> Exercise prompt
Copy verbatim the span of lines beginning at the line that contains "Our Artiss Lois" and ending with the final line of the data. Exclude pictures from the copy.

> Recorded data

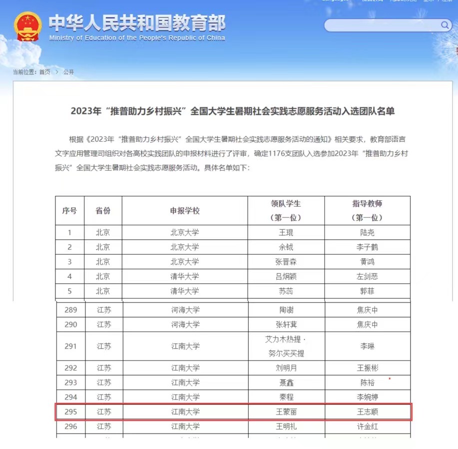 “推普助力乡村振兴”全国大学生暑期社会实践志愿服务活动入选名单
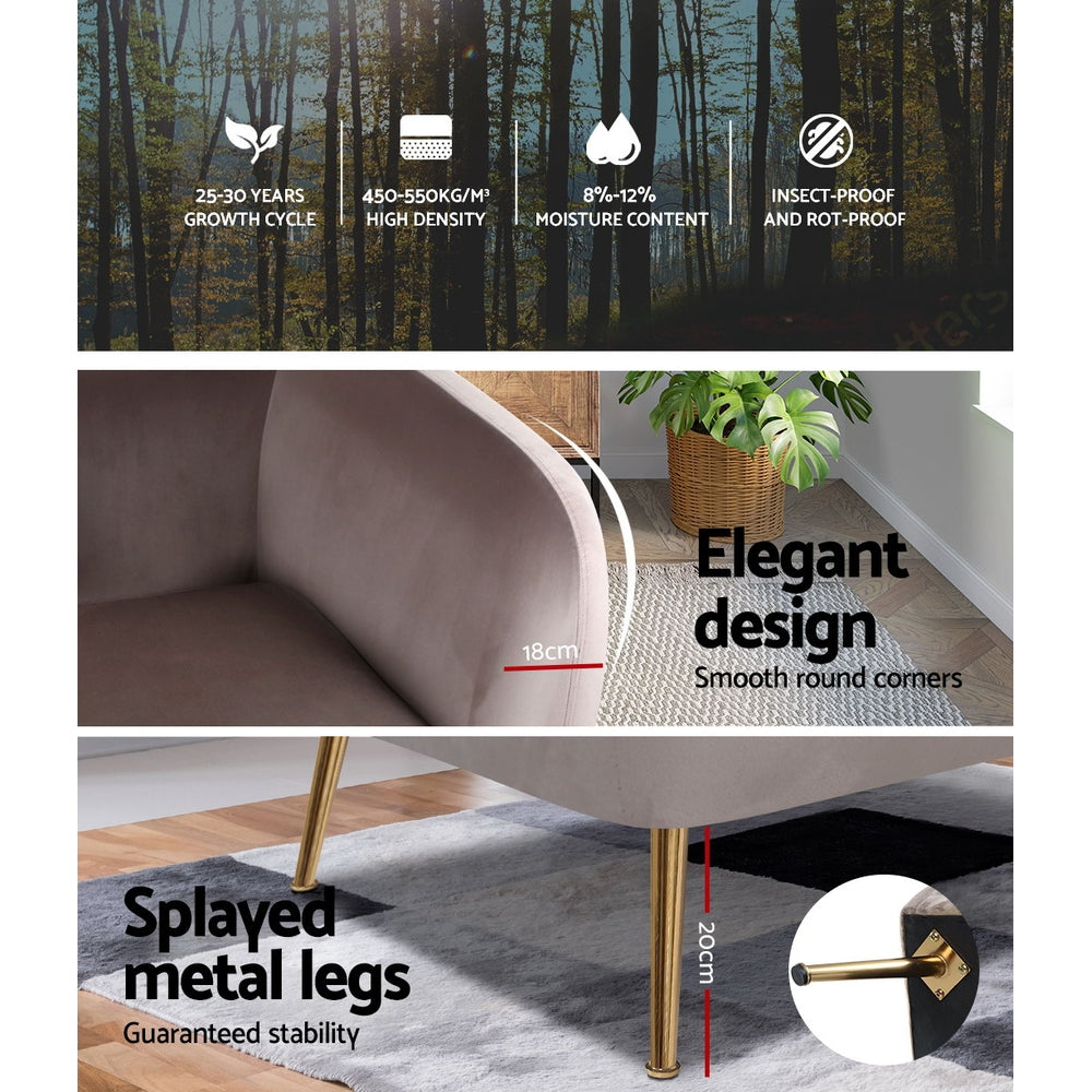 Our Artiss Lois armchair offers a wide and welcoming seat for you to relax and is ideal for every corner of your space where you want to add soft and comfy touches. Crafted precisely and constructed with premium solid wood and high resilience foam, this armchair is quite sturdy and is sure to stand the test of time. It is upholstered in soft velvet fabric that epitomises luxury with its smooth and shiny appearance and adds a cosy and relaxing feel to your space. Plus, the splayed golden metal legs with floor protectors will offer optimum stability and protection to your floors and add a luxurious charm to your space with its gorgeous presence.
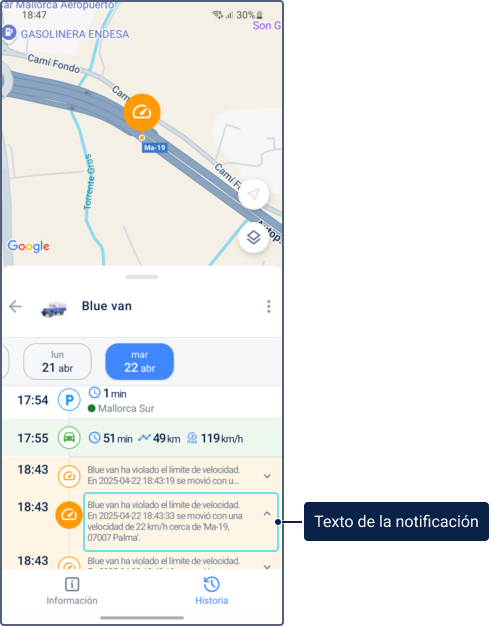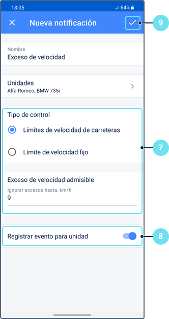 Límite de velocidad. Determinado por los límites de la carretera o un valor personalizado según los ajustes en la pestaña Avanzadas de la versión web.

> Answer
 Our Artiss Lois armchair offers a wide and welcoming seat for you to relax and is ideal for every corner of your space where you want to add soft and comfy touches. Crafted precisely and constructed with premium solid wood and high resilience foam, this armchair is quite sturdy and is sure to stand the test of time. It is upholstered in soft velvet fabric that epitomises luxury with its smooth and shiny appearance and adds a cosy and relaxing feel to your space. Plus, the splayed golden metal legs with floor protectors will offer optimum stability and protection to your floors and add a luxurious charm to your space with its gorgeous presence.
 Límite de velocidad. Determinado por los límites de la carretera o un valor personalizado según los ajustes en la pestaña Avanzadas de la versión web.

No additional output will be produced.